#158 - Exploring strings for which only one character comes lexicographically after its neighbour to the left

Taking three different letters from the 26 letters of the alphabet, character strings of length three can be formed.

Examples are ‘abc’, ‘hat’ and ‘zyx’.

When we study these three examples we see that for ‘abc’ two characters come lexicographically after its neighbour to the left. For ‘hat’ there is exactly one character that comes lexicographically after its neighbour to the left. For ‘zyx’ there are zero characters that come lexicographically after its neighbour to the left.

In all there are 10400 strings of length 3 for which exactly one character comes lexicographically after its neighbour to the left.

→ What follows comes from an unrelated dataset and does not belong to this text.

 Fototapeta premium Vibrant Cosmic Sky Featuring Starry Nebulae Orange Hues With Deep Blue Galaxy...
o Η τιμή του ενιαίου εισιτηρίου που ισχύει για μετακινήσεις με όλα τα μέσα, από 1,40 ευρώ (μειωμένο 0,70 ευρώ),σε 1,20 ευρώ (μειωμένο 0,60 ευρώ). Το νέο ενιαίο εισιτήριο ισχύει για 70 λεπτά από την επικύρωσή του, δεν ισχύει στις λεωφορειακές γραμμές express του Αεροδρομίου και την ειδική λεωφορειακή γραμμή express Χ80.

We now consider strings of $n\leq 26$ different characters from the alphabet. For every $n$, $p(n)$ is the number of strings of length of $n$ for which exactly one character comes lexicographically after its neighbour to the left.

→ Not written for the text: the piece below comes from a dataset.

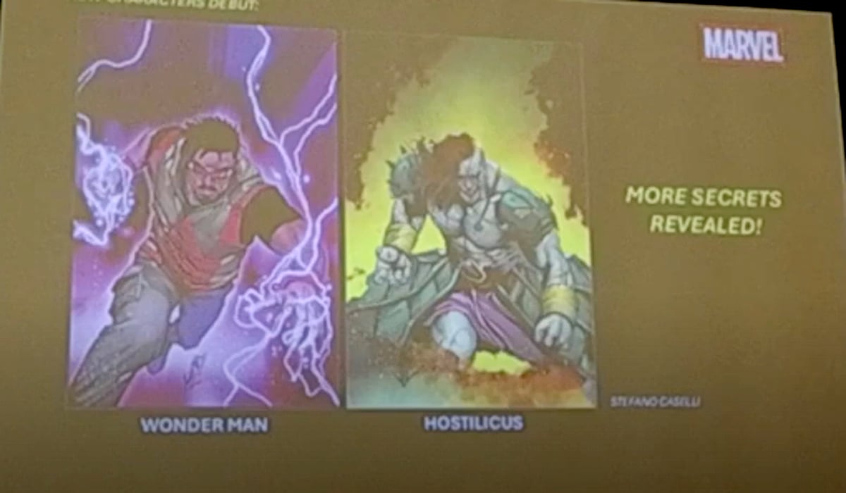 The new Wonder Man’s existence was revealed at ComicsPro 2026 by Marvel SVP of Print, Sales & Marketing David Gabriel, who revealed that he’d be one of a new group of Marvel characters coming out of the upcoming Reborn: Ultimate Impact series, empowered by the Origin Boxes of the Ultimate Universe — but beyond a brief appearance onscreen (captured in this admittedly low-quality image below; my apologies for that), nothing else was revealed about him.

What is the maximum value of $p(n)$?


This is a counting problem. To put their restriction another way, there is only one pair of letters which are in order This also tells us that the substrings on either side of the pair are in decreasing order.

For example, with 5 letters: $c, t, m, r, d$, a satisfying string is $tmcrd$. The pair in order is $cr$, and both $tmc$ and $rd$ are in decreasing order.

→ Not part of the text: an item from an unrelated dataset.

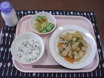 今日の献立は、わかめごはん・牛乳・韓国風肉じゃがうま煮・パリパリサラダ[写真上]です。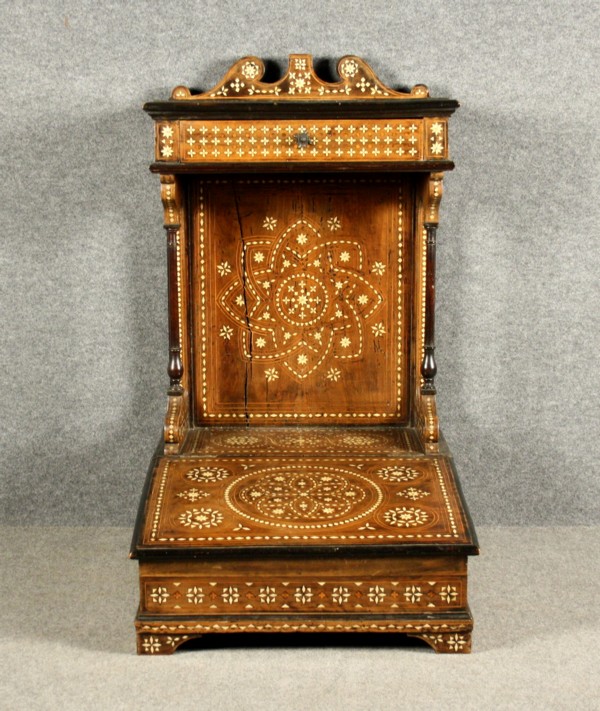 Inginocchiatoio in legno intarsiato in osso. Inizi XIX secolo. Mis. Lung. cm. 55 Alt. cm. 92 Prof. cm. 62 ca.

Given a group of $n$ letters, we can find a formula for the number of strings satisfying the property $c(n)$. This is not $p(n)$, as that value takes all possible groups. We will aggregate later.

Finding a formula for $c(n)$

Let’s assume our group of $n$ letters be the first $n$ letters of the alphabet. There are some trivial values for the lower values of $n$:

  • $c(0) = c(1) = 0$, because it is impossible to order anything lower than 2 letters.
  • $c(2) = 1$, as the pair is either in order, or out of order.
  • $c(3) = 4$. Those strings are $abc$, $acb$, $bca$, and $bac$.
  • $c(4)=11$. We have a couple of cases here for where $d$ can be placed.
    • We can prepend $d$ to all the satisfactory string and get 4 new satisfactory strings: $dabc$, $dacb$, $dbca$, $dbac$.
    • If $d$ is in position 2, the 1st letter needs to be less than $d$. All of $a$, $b$, and $c$ are, so this produces 3 new strings: $adcb$, $bdca$, $cdba$
    • If $d$ is in position 3, then the first two letters need to be in reversed order. We can choose 2 letters from the 3 in 3 ways to produce 3 strings: $badc$, $cadb$, $cbad$.
    • If $d$ is last, then the first 3 letters need to be reversed, of which there is only 1: $cbad$. Please work through $c(5)$ to get a feel for the pattern. For a given $n$:
  • Prepend the $n^{\text{th}}$ letter to each of the strings previously. This is $c(n-1)$.
  • For the $i^{\text{th}}$ position i the string ($i\geq 2$), the $i-1$ letters before it need to be reversed. We can choose the letters from the remaining group a total of $\binom{n-1}{i-1}$ ways, and produces as many strings.
  • Repeat for all $i$ and add up all values (from 2 to $n$).

In conclusion,

\(\begin{aligned} c(n) &= \binom{n-1}{1}+\binom{n-1}{2}+\cdots+\binom{n-1}{n}+c(n-1) \\ &= \sum_{i=1}^n\binom{n-1}{i}+c(n-1) \\ &= \boxed{2^{n-1}-1+c(n-1)} \end{aligned}\)

Finding a formula for $p(n)$

Now that we have $c(n)$, finding a formula for $p(n)$ is actually simple. Although we demonstrated with the first $n$ letters, the group of letters actually does not matter for the value of $c(n)$. The value of $p(n)$ takes into account the value of $c(n)$ for all groups of $n$ letters. There are $\binom{26}{n}$ different groups. Therefore,

\(p(n)=\binom{26}{n}c(n)\)

Implementation

The recursive nature of $c(n)$ allows us to precompute values of $c(n)$ beforehand. We create an array of values of $p(n)$ and check the maximum afterwards. I use the math.factorial to compute the binomial coefficient.

# file: "problem158.py"
def binom(n, r):
    return math.factorial(n) / (math.factorial(r) * math.factorial(n - r))

values = [0]
for n in range(1, 27):
    values.append(2 ** (n - 1) - 1 + values[-1])
# Now multiply each by 26 choose n
values = [int(value * binom(26, i)) for i, value in enumerate(values)]
print('Max value of', np.max(values), 'at n =', np.argmax(values))

Running our loop get us,

Max value of 409511334375 at n = 18
0.0015439999988302588 seconds.

Therefore, the maximum value of $p(n)$ is 409511334375.